Et en parlant d’emmerdes, la série avait un très fort potentiel pour devenir emmerdante (comme toutes les séries bâties autour d’un seul personnage), mais heureusement pour nous, Master of None déborde d’humour, d’énergie, et de moments absolument choupis et pas du tout culcul (un équilibre très rare).

Et aussi, c’est une anecdote, mais les parents de Dev dans la série sont joués par les vrais parents d’Aziz Ansari, et non seulement son père crève l’écran alors que c’est même pas un professionnel, mais aussi c’est les gens les plus adorables du monde, et je voudrais les adopter tout de suite s’il vous plaît.



(Ils pourront m’aider à élever le gosse sans dents de Stranger Things.)




Voilà, c’est mon top personnel de 2016, j’espère qu’il t’aura aidé à relativiser la nullité qu’a été cette année.

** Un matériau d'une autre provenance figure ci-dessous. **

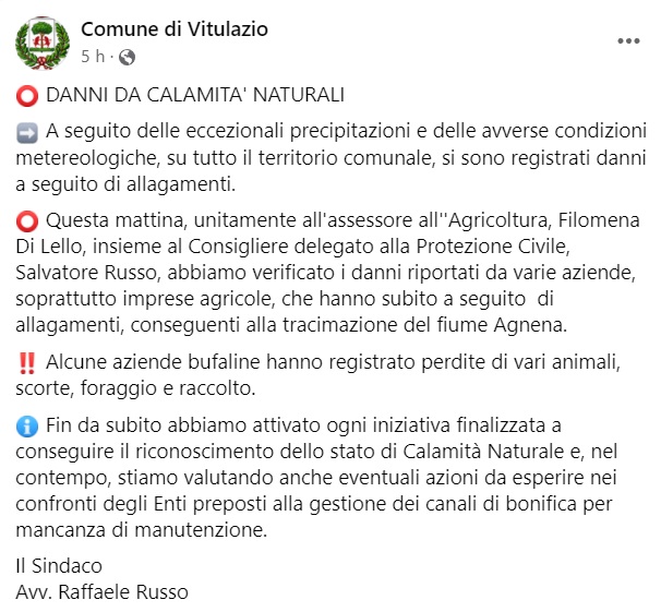 "DANNI DA CALAMITA' NATURALI. A seguito delle eccezionali precipitazioni e delle avverse condizioni metereologiche, su tutto il territorio comunale, si sono registrati danni a seguito di allagamenti. Questa mattina, unitamente all'assessore all''Agricoltura, Filomena Di Lello, insieme al Consigliere delegato alla Protezione Civile, Salvatore Russo, abbiamo verificato i danni riportati da varie aziende, soprattutto imprese agricole, che hanno subito a seguito di allagamenti, conseguenti alla tracimazione del fiume Agnena. Alcune aziende bufaline hanno registrato perdite di vari animali, scorte, foraggio e raccolto. Fin da subito abbiamo attivato ogni iniziativa finalizzata a conseguire il riconoscimento dello stato di Calamità Naturale e, nel contempo, stiamo valutando anche eventuali azioni da esperire nei confronti degli Enti preposti alla gestione dei canali di bonifica per mancanza di manutenzione. Il Sindaco Avv. Raffaele Russo"

(Enfin, dans la globalité des choses, hein.)

(Parce que personnellement j’ai eu une très bonne année 2016 – j’ai eu une augmentation, je me suis baignée sous des cascades, j’ai fait du vélo et j’ai mangé des Ferrero Rocher géants.)

(Et c’est pas genre une boîte de petits Ferrero Rochers en forme de Ferrero Rocher géant.)

(C’est UN GROS rocher.)

(Je sais pas si tu saisis à quel point c’est important comme nuance.)

Bref, c’est tout pour aujourd’hui – n’hésite pas à partager tes coups de cœur, j’accueille toutes les suggestions de nouvelles séries avec grand plaisir.

(Sauf toi, Sarah.)

(Tu m’en donnes déjà trop, laisse un peu parler les autres.)